A fine-grained error analysis was performed to evaluate RoBERTa’s robustness across text length categories. Results presented in Table 12 indicate that performance remained consistently high across all bins, with perfect scores for very short, short, and long inputs (F1 = 1.000) and only a minor drop for medium-length samples (F1 = 0.952). This suggests that the model generalizes effectively across varying input complexities and message lengths.

Explanations results

To enhance model transparency, LIME and SHAP was applied to the RoBERTa model predictions. LIME explains individual predictions by perturbing input text and approximating the model’s decision boundary with a simpler, interpretable model. As shown in Fig. 7, words such as “honestly,” “never,” “corsetry,” and “intrigued” were highlighted as strong contributors toward the Human class. The color intensity represents each token’s influence on the classification, helping to understand which linguistic features RoBERTa used in making its decision.

Additionally, SHapley Additive Explanations provided a more theoretically grounded interpretation. SHAP assigns Shapley values to each token, indicating their positive or negative contributions to the output probability. In Fig. 8, red-colored tokens such as “intrigued” push the prediction toward the Human class, while blue tokens like “the rabbit hole” slightly pull it in the opposite direction. SHAP ensures that the contributions sum up to the predicted probability, offering a globally consistent and fair explanation of feature importance.
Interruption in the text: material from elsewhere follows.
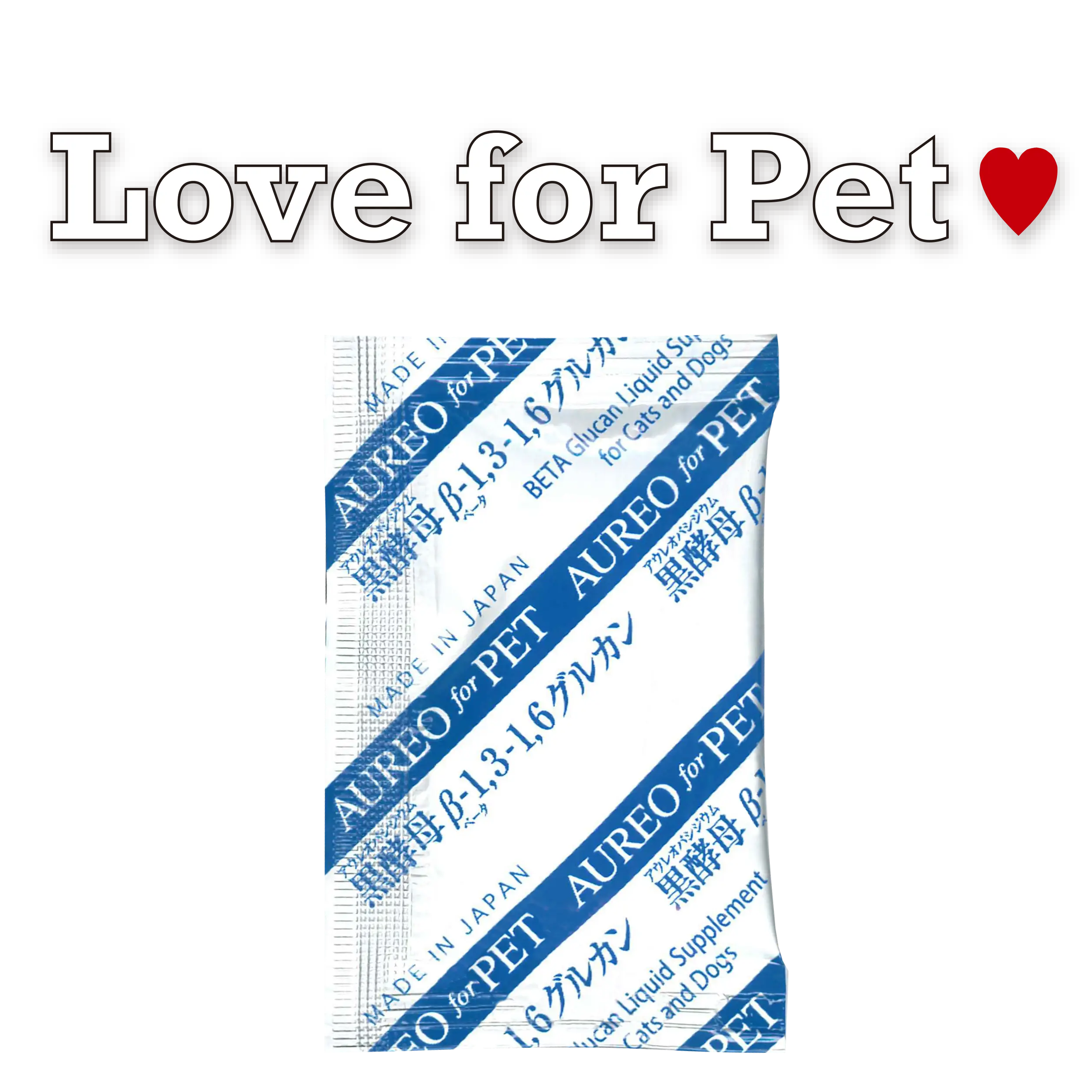 Love for PetアウレオフォーペットLove for PetアウレオフォーペットLove for Petアウレオフォーペット 大切なペットの毎日カンタン健康習慣”ちょっぴりサイズ”だから始めやすい!!「ウチの子食べるか心配…」そんな初めてβ-グルカンを試す子にもおすすめです。 ※どちらのパッケージも内容と入り数は同じです。 黒酵母β‒グルカン含有量 与え方 そのままとろりん おやつかフードに混ぜて 1日の目安量 最初はどのくらいの量からスタートすれば良いのか、 目安量をご参考になさってください。 健康をサポートする食品なので、与える量に決まった制限はありません。 「元気がないからいつもより多めにあげてみよう」など日々の体調をみながら、ペットの様子に合わせて食べさせてください。 Love for Pet 内容量:75mL (5mL×15 袋) お取り扱いクリニック 商品名 Love for Pet (ラブフォーペット) 用途 小動物用健康補助食品 原材料名 黒酵母(アウレオバシジウム)培養液、乳酸 内容量 75mL (5mL×15袋) 与え方 体重10kgあたり1日1~3袋を目安に、そのまま又は食べ物に混ぜて与えてください。 原産国 日本 関連商品 Aureo EF for Pet アウレオ イーエフ ペット 詳細はこちら Aureo for Pet アウレオフォーペット 詳細はこちら Love for Pet ラブフォーペット 詳細はこちら Love for Pet SPECIAL ラブフォーペットスペシャル 詳細はこちら

In the Fig. 9 focused on the LIME explanation shows that the model classified the input text as GPT with 100% probability, leaving no chance for Human. The highlighted words such as “and,” “are,” “of,” “to,” “without,” and “user” contributed most to the GPT prediction. These are mostly function words and connectors, which LIME suggests are strong signals of GPT-generated writing. In other words, the model associates GPT text with structured sentence flow and frequent use of linking terms, rather than with domain-specific keywords.

The SHAP explanation (Fig. 10) also predicted the text as GPT with a probability of 0.9980. Unlike LIME, SHAP distinguishes between words pushing the prediction towards Human (blue) and GPT (red). Terms such as “Spyware,” “designed,” and “collect” leaned towards Human classification, as they resemble natural human writing and technical terminology. However, words like “without” and “consent” strongly pushed the decision towards GPT, highlighting how formal connectors and rigid phrasing are characteristic of machine-generated text.
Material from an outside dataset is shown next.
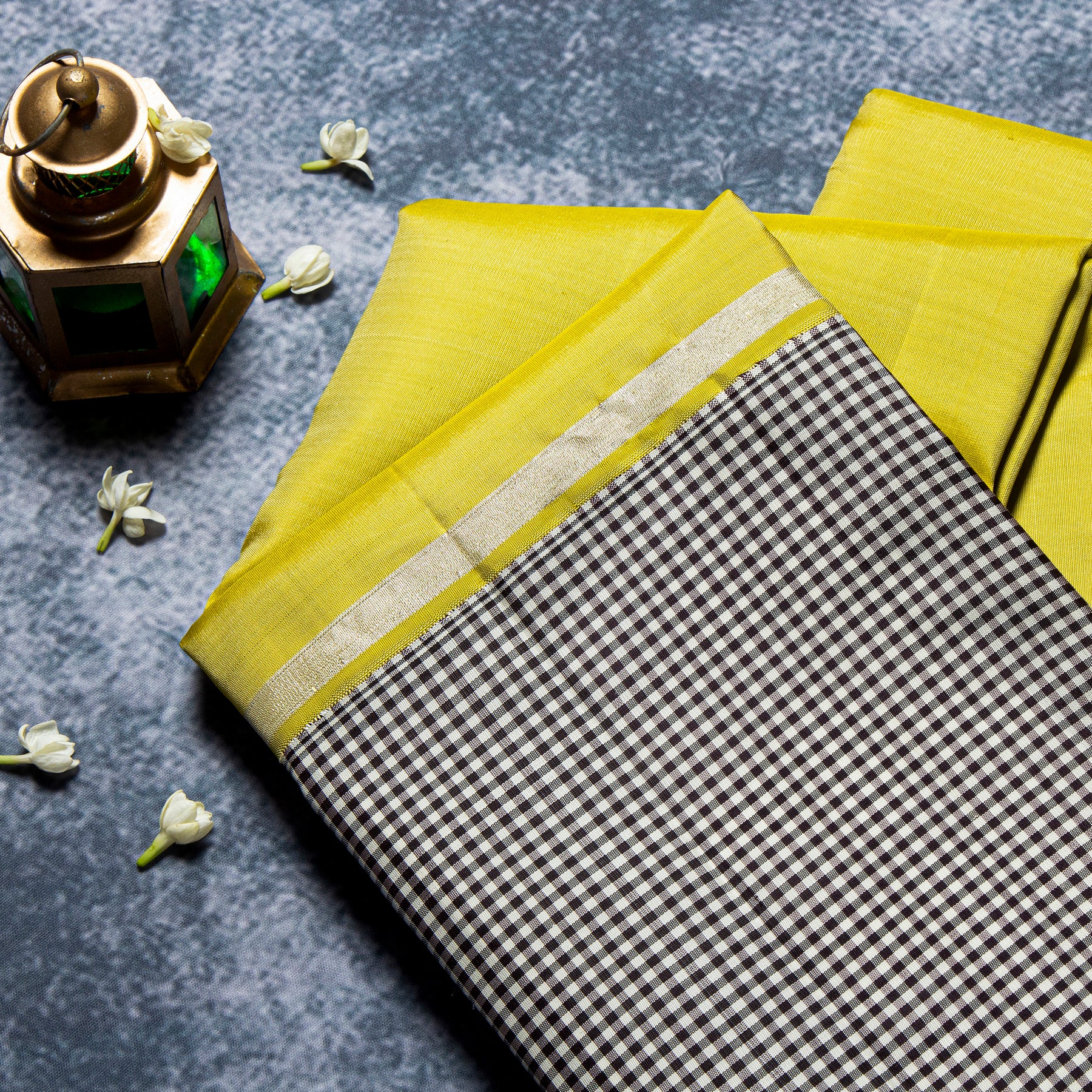 Kuberan Olive Yellow White And Black Checks Border Kanchivaram Saree

In short, LIME provides a quick and visually intuitive understanding of which words influence RoBERTa’s predictions, making it ideal for fast debugging and local interpretability. SHAP, on the other hand, offers a more precise and mathematically consistent explanation by fairly distributing contributions among all tokens. While LIME is computationally lighter and easier to implement, SHAP is preferred when a deeper, globally consistent interpretation is required, especially in research or high-stakes decision-making scenarios.
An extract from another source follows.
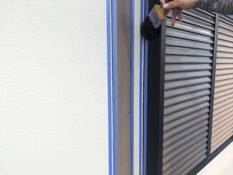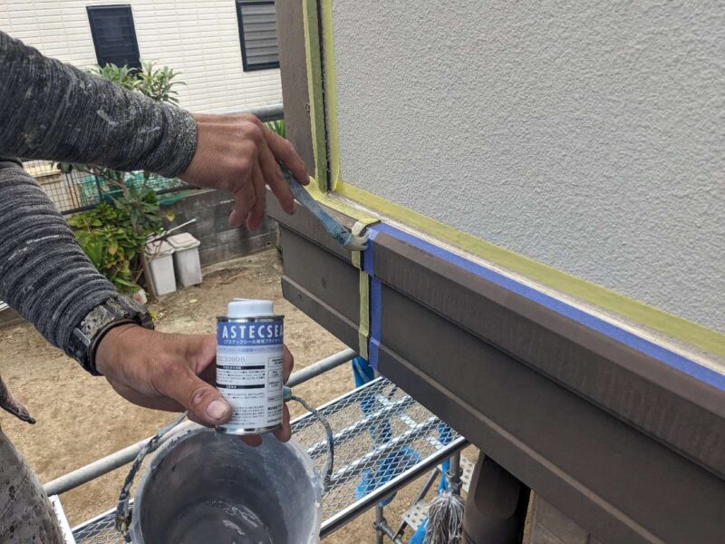 シーリング材の密着性を高めるためにプライマー塗布を行います。【シーリング充填】

In addition to local explainability, which focuses on understanding individual predictions, global explainability provides a broader view of the model’s behavior across the entire dataset. As shown in the Permutation Feature Importance (PFI) plot (Fig. 11), the token “which” stands out with the highest importance score of 2.0, indicating it has the greatest impact on model predictions when perturbed. Other tokens such as “case-insensitive.”, “discern”, “complexity”, and “Paris.” have lower but consistent importance values of 1.0, suggesting they also contribute meaningfully to the model’s overall decision-making. The baseline accuracy of 0.975 further supports the model’s robustness. To ensure global stability, agreement metrics across multiple runs or random seeds can be incorporated, confirming that the importance rankings are not sensitive to small variations in training.